Work to complete: Leave out all images and set down the records exactly as given.

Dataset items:
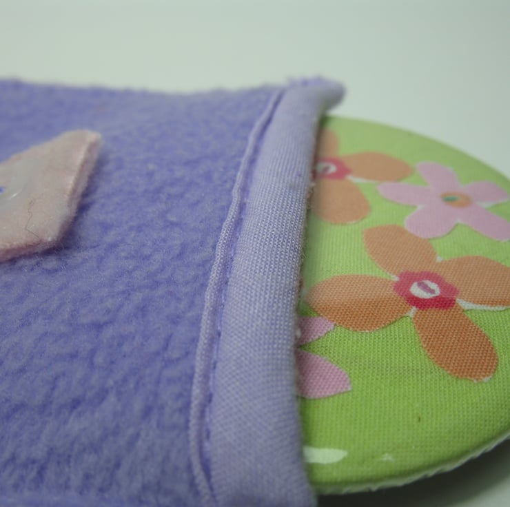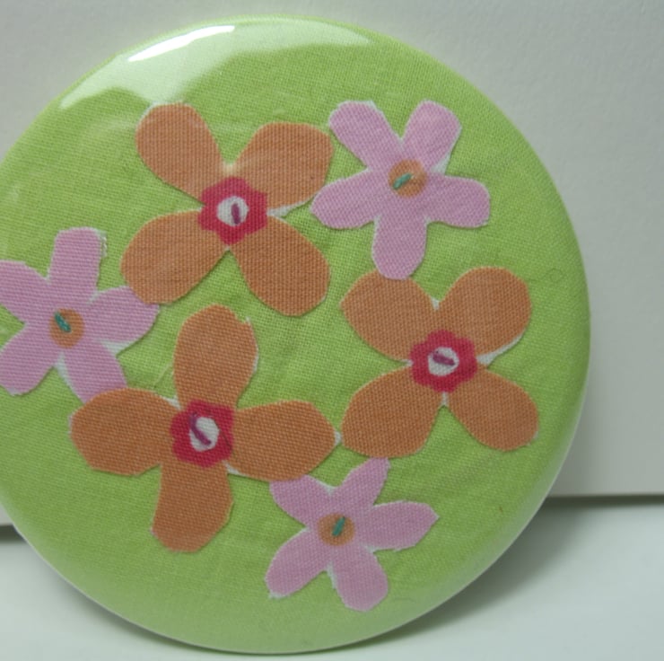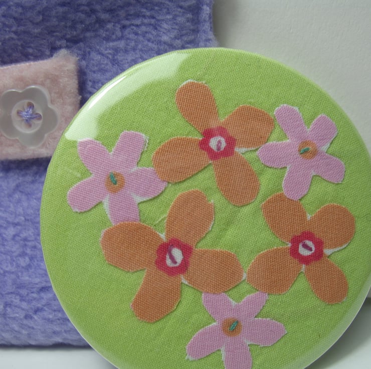 The design is individually cut and sewn by hand (It is not a printed design!) before being pressed onto a metal rimmed mirror. The fabric flower design is protected with a plastic backing so it is wipe clean.
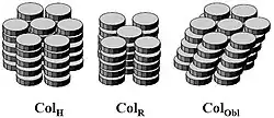 - ColObl — Колоны собраны в центрировано гексагональную сетку, но молекулы сдвинуты в сторону
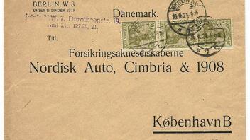 Heute ein Brief der 2. Gewichtsstufe aus Berlin an die dänische Versicherungsgesellschaft "Nordisk Auto, Cimbria & 1908" in Kopenhagen vom 16.8.21. Rückseitig Ankunftsstempel "København B. 1. OMB 18.8.21"
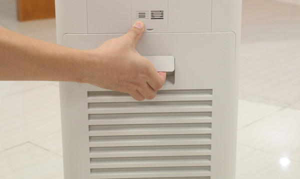 传感器下部是一面进风口,上面设有扳手,通过拉伸扳手就可以打开后盖板,一睹机身内部,也是更换滤网的地方。在使用中发现,当X50在运行或是待机状态时,如果打开其后盖板设备会自动切断电源,而当装回后盖板后,X50则会自动恢复电力进入待机状态.这样的设计提高了设备的安全性,避免了不必要的意外产生。
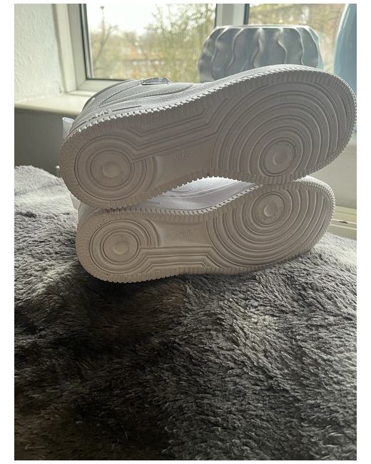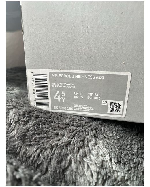 This is a pair of Nike Air Force 1 Highness trainers in white, designed for women in a UK shoe size 4. The style of the shoe is a classic sneaker with the iconic Nike Air Force product line. The model is specifically made for younger girls (GS) and features the well-known Nike swoosh logo. These trainers are a stylish and comfortable choice for casual wear or sports activities.
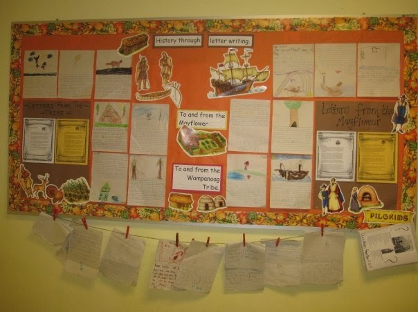 The main bulletin board has letters that the First Graders wrote to a Pilgrim Girl and Wampanoag Boy. Scholastic sends me 3 letters from each throughout the month of November and we write back in response. We use new vocabulary and also a formal letter writing greeting and salutation.

Solution to this problem:
 The design is individually cut and sewn by hand (It is not a printed design!) before being pressed onto a metal rimmed mirror. The fabric flower design is protected with a plastic backing so it is wipe clean.
 - ColObl — Колоны собраны в центрировано гексагональную сетку, но молекулы сдвинуты в сторону
 Heute ein Brief der 2. Gewichtsstufe aus Berlin an die dänische Versicherungsgesellschaft "Nordisk Auto, Cimbria & 1908" in Kopenhagen vom 16.8.21. Rückseitig Ankunftsstempel "København B. 1. OMB 18.8.21"
 传感器下部是一面进风口,上面设有扳手,通过拉伸扳手就可以打开后盖板,一睹机身内部,也是更换滤网的地方。在使用中发现,当X50在运行或是待机状态时,如果打开其后盖板设备会自动切断电源,而当装回后盖板后,X50则会自动恢复电力进入待机状态.这样的设计提高了设备的安全性,避免了不必要的意外产生。
 This is a pair of Nike Air Force 1 Highness trainers in white, designed for women in a UK shoe size 4. The style of the shoe is a classic sneaker with the iconic Nike Air Force product line. The model is specifically made for younger girls (GS) and features the well-known Nike swoosh logo. These trainers are a stylish and comfortable choice for casual wear or sports activities.
 The main bulletin board has letters that the First Graders wrote to a Pilgrim Girl and Wampanoag Boy. Scholastic sends me 3 letters from each throughout the month of November and we write back in response. We use new vocabulary and also a formal letter writing greeting and salutation.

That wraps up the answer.